GWANGJU, South Korea — If you’ve ever opened a car door on a summer day you know how dangerously hot it can be in there. Scientists in South Korea say they’ve developed a device which can soak up all this hazardous heat without even needing to be plugged in.
A team from Gwangju Institute of Science and Technology (GIST) call their invention the “Janus emitter,” or JET. It’s made of a stack of quartz, silver, and thin layers of a silicone polymer called polydimethylsiloxane.
The study reports that each side of the JET uses unique properties to passively cool enclosed spaces. The bottom absorbs a wide range of thermal radiation from tight spaces, like a hot car, and expels the energy back into the atmosphere from the top side.
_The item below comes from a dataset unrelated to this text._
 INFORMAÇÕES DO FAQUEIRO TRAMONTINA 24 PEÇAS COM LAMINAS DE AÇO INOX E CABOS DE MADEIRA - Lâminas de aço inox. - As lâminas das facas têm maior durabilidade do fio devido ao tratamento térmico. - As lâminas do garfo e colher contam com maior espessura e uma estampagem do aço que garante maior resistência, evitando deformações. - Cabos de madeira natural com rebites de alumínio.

“By separating the radiation characteristics from the upper and lower surfaces based on metallic silver (Ag) that strongly reflects sunlight (more than 90%), the lower surface absorbs heat in a closed space and releases the absorbed heat through the upper surface. This is why it was named the Janus emitter after Janus, the god of two faces in Roman mythology,” study authors write in a press release.
How hot can it get inside a car?
When it comes to hot (and potentially deadly) car interiors, researchers say sunlight easily passes through a vehicle’s windows. The problem with this thermal radiation is once it’s in, it can’t get back out. This creates a “greenhouse effect” inside the car which can drive temperatures as high as 180 degrees Fahrenheit. For the elderly and young children, this puts them at extreme risk for heatstroke and hyperthermia.
Without the need for electricity, the Korean team says the Janus emitter can lower the temperature inside a vehicle by over seven degrees Fahrenheit. They add that their device may be the starting point for manufacturers to build vehicle roofs which soak up all this solar radiation and expel it from parked cars.
“Our work is the first to address passive radiative cooling for enclosed spaces, and we hope it creates a ripple effect that bolsters research in this field,” Prof. Young Ming Song says in a media release.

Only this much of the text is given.